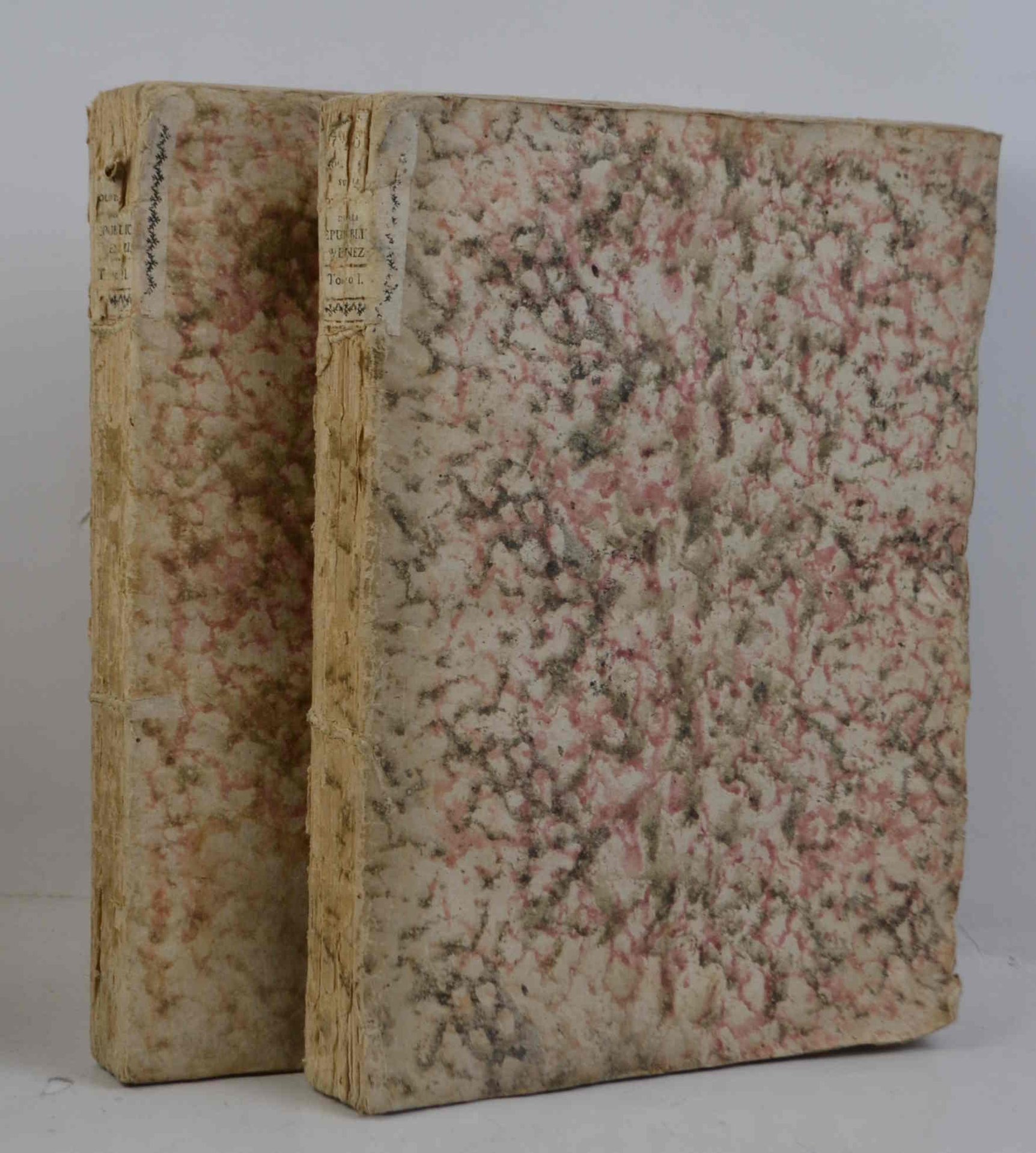 Due volumi di cm. 25, pp. 288; 308. Graziosa legatura coeva in cartoncino marmorizzato con titoli a stampa su etichette ai dorsi. Piccole mancanze superficiali ai dosi, peraltro esemplare genuino ed in buono stato di conservazione. Ex libris. Una nota coeva manoscritta recita: "Il possesso di questa raccolta era dai francesi punita con la decapitazione".
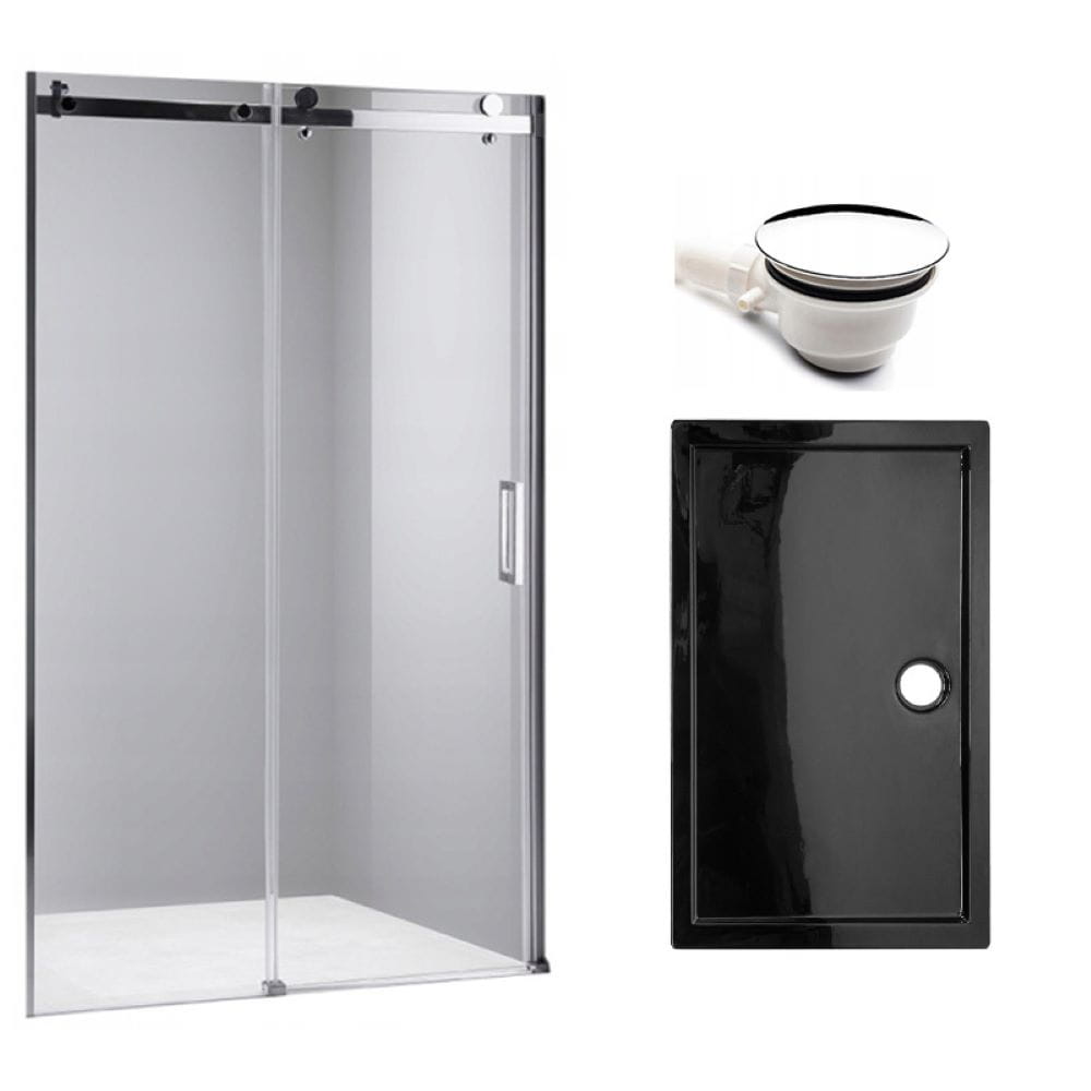 Zestaw - drzwi prysznicowe chrom 115-120 cm 8 mm - brodzik 120x100 cm - syfon
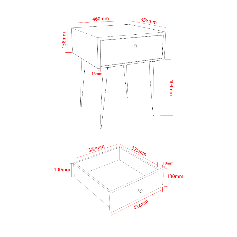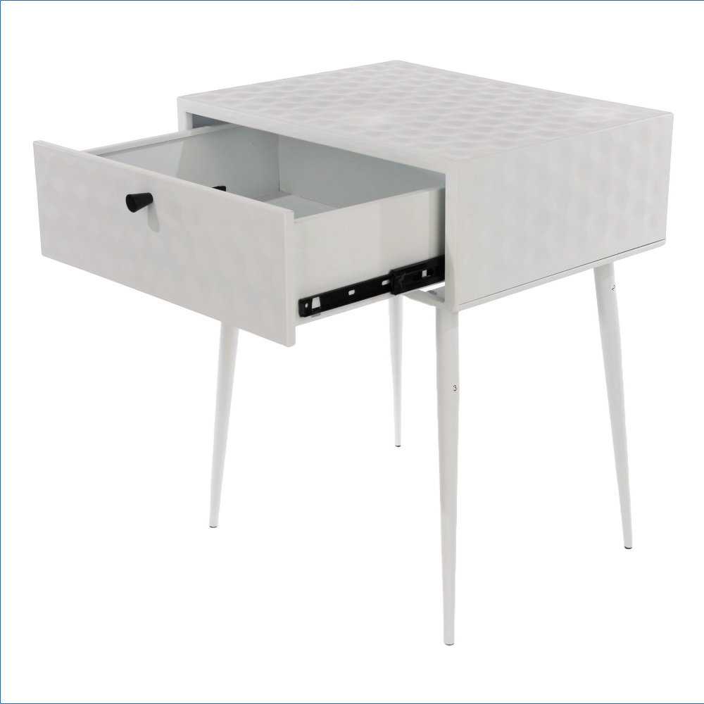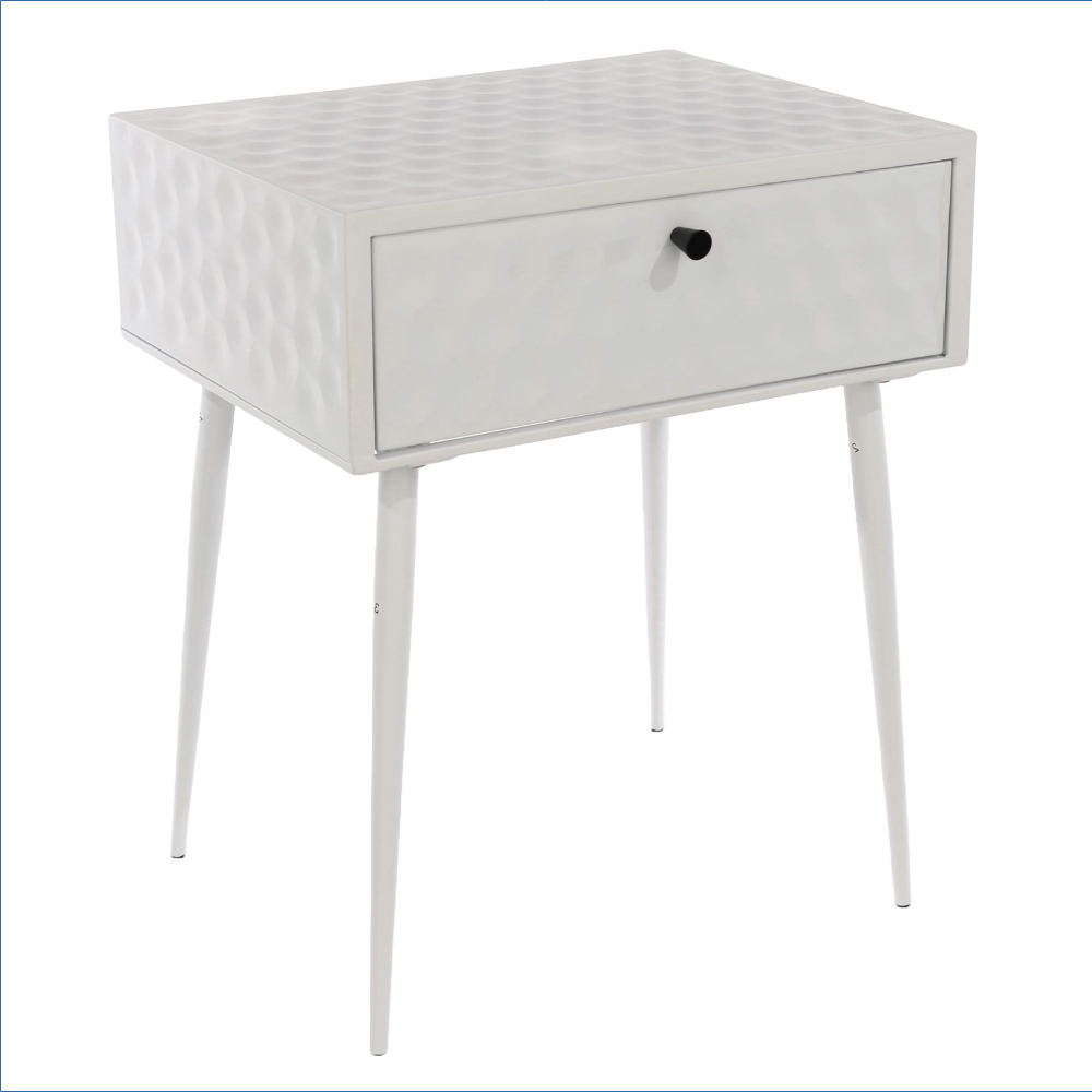 Durable, robust, and elegant. This bedside cabinet is crafted entirely from metal and finished in sleek white paint, highlighted by a contrasting gold-effect handle. The drawer features a pressed honeycomb pattern that adds a striking three-dimensional texture to the panels and front, complemented by the gold-colored handle. Inside, the drawer box is also metal with a painted finish and smooth-glide metal runners for effortless use. The design is finished with Mid-Century inspired tapered metal legs that raise the cabinet for easy cleaning underneath, making it perfect as a bedside or side table.

* Problem to work on: Write out the data above precisely. Pictures stay out.

* Completed task:
 Due volumi di cm. 25, pp. 288; 308. Graziosa legatura coeva in cartoncino marmorizzato con titoli a stampa su etichette ai dorsi. Piccole mancanze superficiali ai dosi, peraltro esemplare genuino ed in buono stato di conservazione. Ex libris. Una nota coeva manoscritta recita: "Il possesso di questa raccolta era dai francesi punita con la decapitazione".
 Zestaw - drzwi prysznicowe chrom 115-120 cm 8 mm - brodzik 120x100 cm - syfon
 Durable, robust, and elegant. This bedside cabinet is crafted entirely from metal and finished in sleek white paint, highlighted by a contrasting gold-effect handle. The drawer features a pressed honeycomb pattern that adds a striking three-dimensional texture to the panels and front, complemented by the gold-colored handle. Inside, the drawer box is also metal with a painted finish and smooth-glide metal runners for effortless use. The design is finished with Mid-Century inspired tapered metal legs that raise the cabinet for easy cleaning underneath, making it perfect as a bedside or side table.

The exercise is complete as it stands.